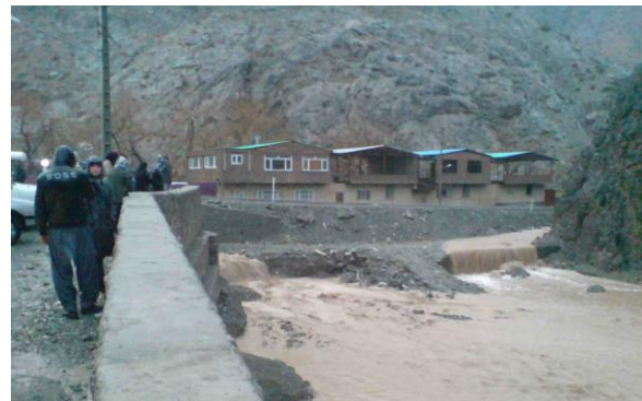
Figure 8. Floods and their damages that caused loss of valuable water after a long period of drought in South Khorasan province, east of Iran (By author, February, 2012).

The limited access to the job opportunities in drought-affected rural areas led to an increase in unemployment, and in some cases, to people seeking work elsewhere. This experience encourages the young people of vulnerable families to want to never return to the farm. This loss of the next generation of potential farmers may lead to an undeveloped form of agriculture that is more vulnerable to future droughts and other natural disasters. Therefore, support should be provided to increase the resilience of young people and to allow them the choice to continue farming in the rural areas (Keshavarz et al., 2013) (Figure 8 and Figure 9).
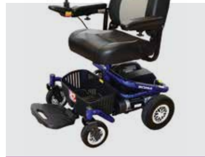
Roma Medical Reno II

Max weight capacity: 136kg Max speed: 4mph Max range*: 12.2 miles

-- -- --

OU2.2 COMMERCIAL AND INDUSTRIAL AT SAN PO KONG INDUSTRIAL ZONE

-- -- --

• **Task**
Lines holding "drought" in the material above are to be reported.

• **Response to the task**
Figure 8. Floods and their damages that caused loss of valuable water after a long period of drought in South Khorasan province, east of Iran (By author, February, 2012).
The limited access to the job opportunities in drought-affected rural areas led to an increase in unemployment, and in some cases, to people seeking work elsewhere. This experience encourages the young people of vulnerable families to want to never return to the farm. This loss of the next generation of potential farmers may lead to an undeveloped form of agriculture that is more vulnerable to future droughts and other natural disasters. Therefore, support should be provided to increase the resilience of young people and to allow them the choice to continue farming in the rural areas (Keshavarz et al., 2013) (Figure 8 and Figure 9).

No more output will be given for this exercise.